How I Use It
DocsTeach is a project of the National Archives which offers digital copies of thousands of historical documents. Students and teachers can use it as a research tool for primary sources, and teachers can use the learning activities on the site for individual or group work. The website is the main tool for research and learning activity creation, and the app is for students to complete learning activities. Teachers can using existing learning activities on the site or create new activities using documents from DocsTeach, and the site even permits teachers to upload other digital primary source documents to use in certain activity types. The site offers twelve activity types which focus on the higher levels of Blooms Taxonomy, including Analyzing Documents, Compare and Contrast, White Out / Black Out, Seeing the Big Picture, and Weighing the Evidence. When creating activities, teachers can choose from two general student reading levels to differentiate, but an activity can only have one reading level. If teachers want to have multiple reading levels, then two separate activities must be created.

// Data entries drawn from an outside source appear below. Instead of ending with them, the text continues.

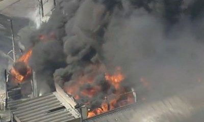 Há pequenos focos de incêndio, espalhados pelos galpões, que ficam na rua das Antilhas, número 571, segundo imagens captadas pelo helicóptero da Record TV.
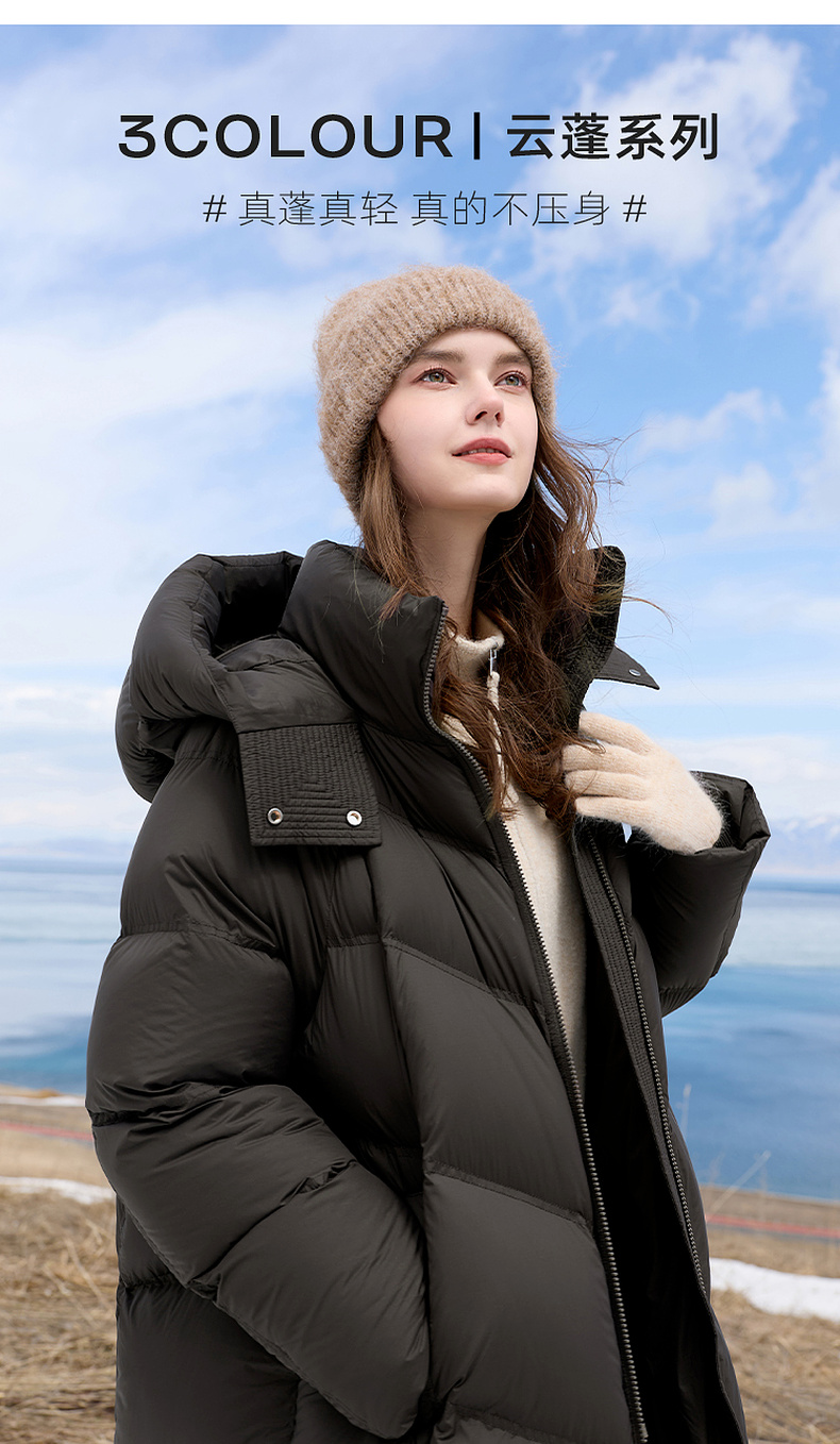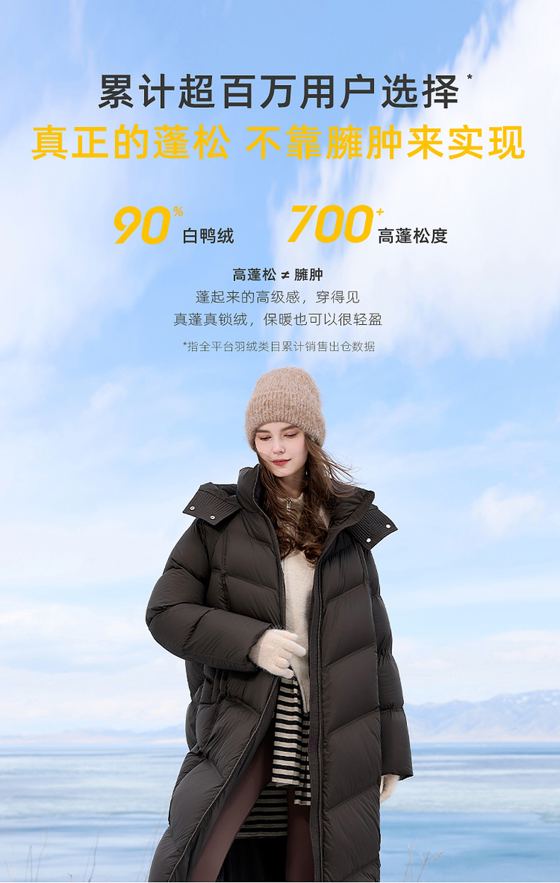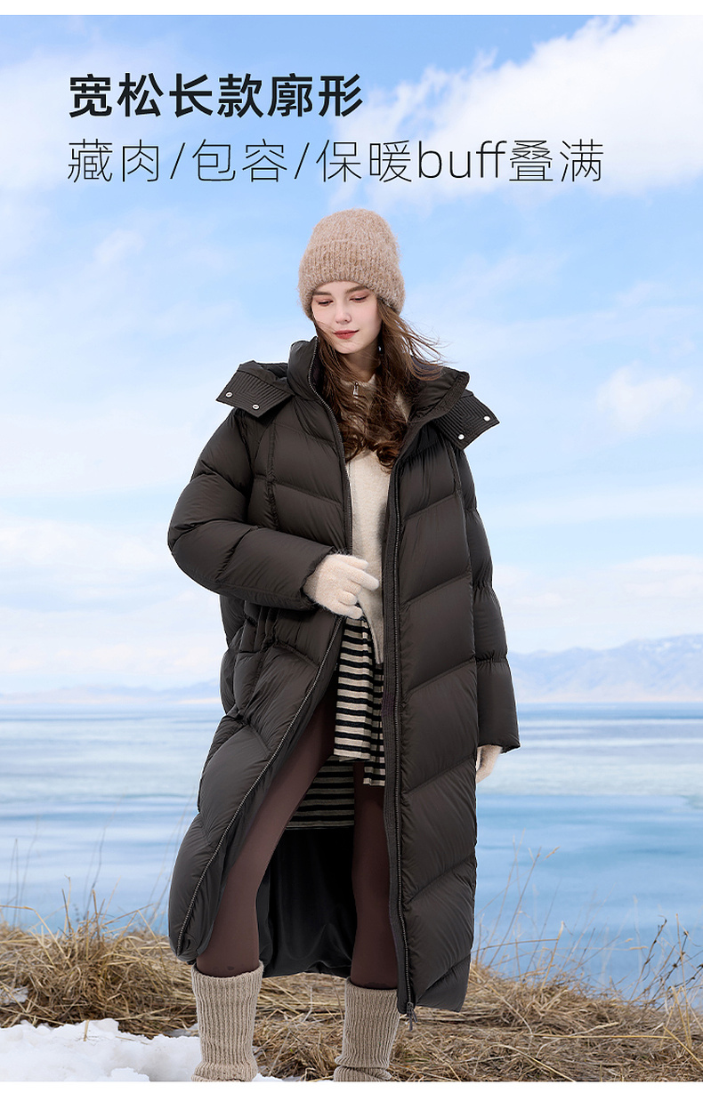 【高蓬高充绒】三彩2025冬季新款防水羽绒服长款90白鸭绒被子服M
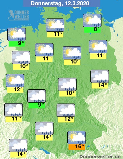 Die Höchsttemperaturen liegen allgemein zwischen 8 und 12 Grad. Vor der Front können im Osten und Süden auch 12 bis 16 Grad erreicht werden.
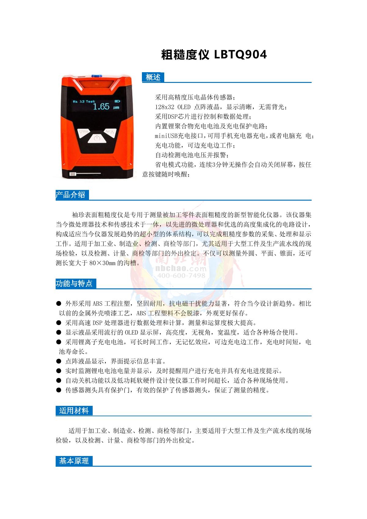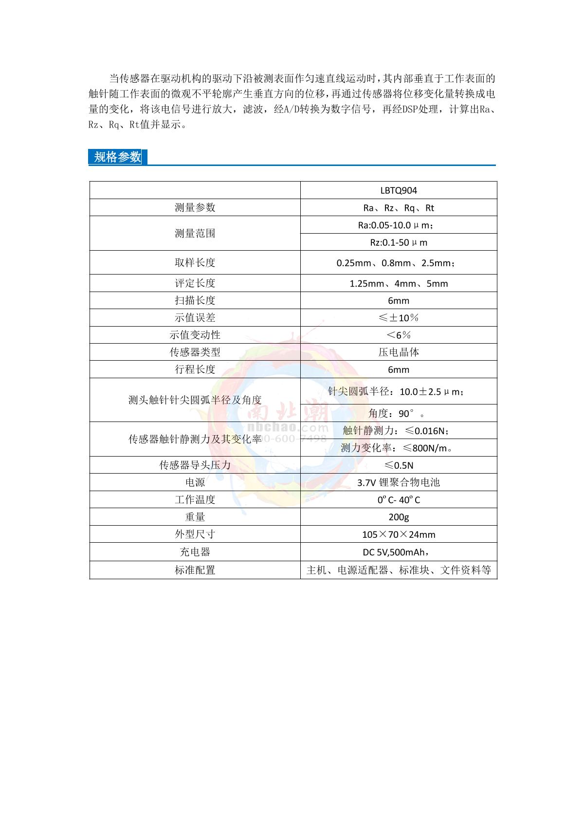 LEEB LBTQ914 surface roughness probe asperity Detector, multiparameterZ-axis (vertical) 160μm X-axis (horizontal) 17.5mmZ-axis (vertical) 0.01μm/+/- 20μm 0.02μm/+/- 40μm 0.04μm/+/- 80μmParameters Ra Rz == Ry (JIS) Rq Rt == Rmax Rp Rv R3z R3y Rz (JIS) Rs Rsk Rku Rsm Rmr Standard ISO, ANSI, DIN, JIS Graphical Supportability Linear dispersion,¥4500.0SE -
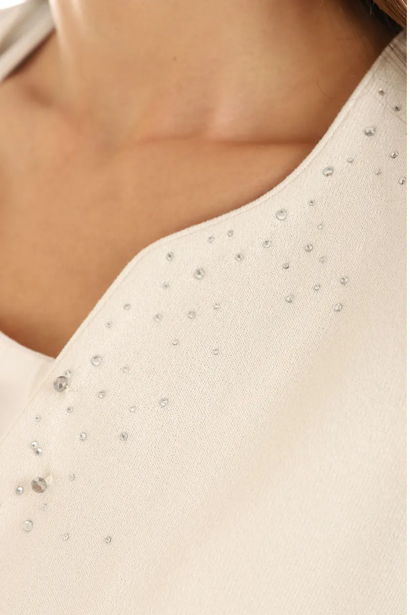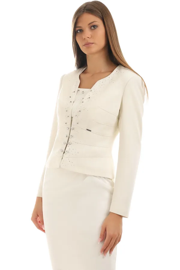 Strukirani kraći sako sa metaliziranim vlaknima koja čine ovaj model dodatno glamuroznim. Linija dekoltea i kopčanja oplemenjena je autentičnim cirkonima. Elastin u materijalu pruža osećaj udobnosti i tokom višesatnog nošenja. Možete ga kombinovati sa haljinama iz iste linije i dobiti savršeni outfit, kako za svečanu tako i za poslovnu priliku.
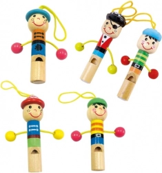Dětská dřevěná píšťalka zdobená malovanými postavičkami je nejen zábavným, ale i praktickým dárkem. Píšťalka je vyrobena z masivního dřeva a nalakována nezávadnými barvami, což zaručuje její dlouhou životnost a bezpečnost pro děti. Díky příjemnému hlasitému zvuku ji lze využít při různých aktivitách, jako je hraní fotbalu nebo pro signální účely.
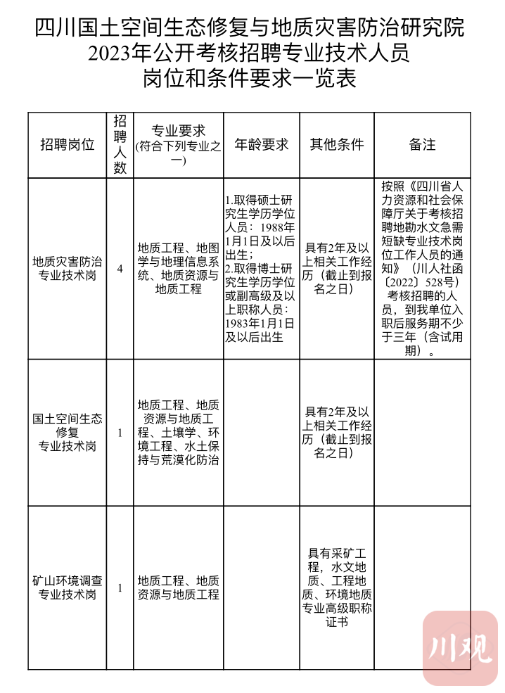四川省国土空间生态修复与地质灾害防治研究院拟面向全国公开考核招聘6名专业技术人员,具体岗位和要求↓
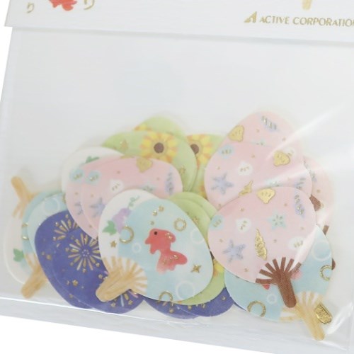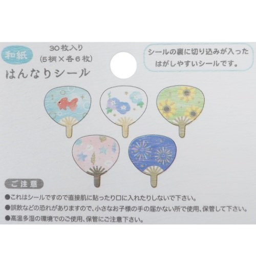 フレークシール 夏色 和紙 はんなり シール うちわ アクティブコーポレーション 5柄30枚入り 和雑貨 メール便可 マシュマロポップ

The site has thousands of resources, and a basic search can yield numerous results, which can be overwhelming. Make sure to use the filters and sort options provided to narrow the scope of the search, and teach students how to choose keywords relevant to the topic. Teachers should use the Save feature to make collections of documents for classroom use. Creating learning activities takes some time, so teachers may want to start with existing lessons or provide a list of links to curated documents for classroom use before delving into the Activity Tools and all the options provided.
Students use the mobile app or the website to complete activities, which can be found browsing by era or accessing with a classroom code. Students engage in the activity and then send responses to the teacher via email. Teachers view the student responses on the website, and can create groups to organize responses. Emails can become quite cumbersome to manage with many students, and teachers may want to disable email notifications in their account settings.
Student engagement with primary sources is important for providing context and for learning how to analyze and evaluate historical events. The website is useful for student and teacher research, but the mobile app has no research feature. Students can complete activities using the website or the mobile app, though students with certain special needs may need to use the website because the app has no built in assistive technology support such as read aloud. Creating activities for different reading levels requires duplication of effort, which is not ideal for teacher planning and preparation. With access to thousands of primary sources through the National Archives, DocsTeach can be a powerful tool for teachers and students to use as a research and document curation tool. Teachers who want to create activities will need to plan for a learning curve and set aside the time to learn the tools.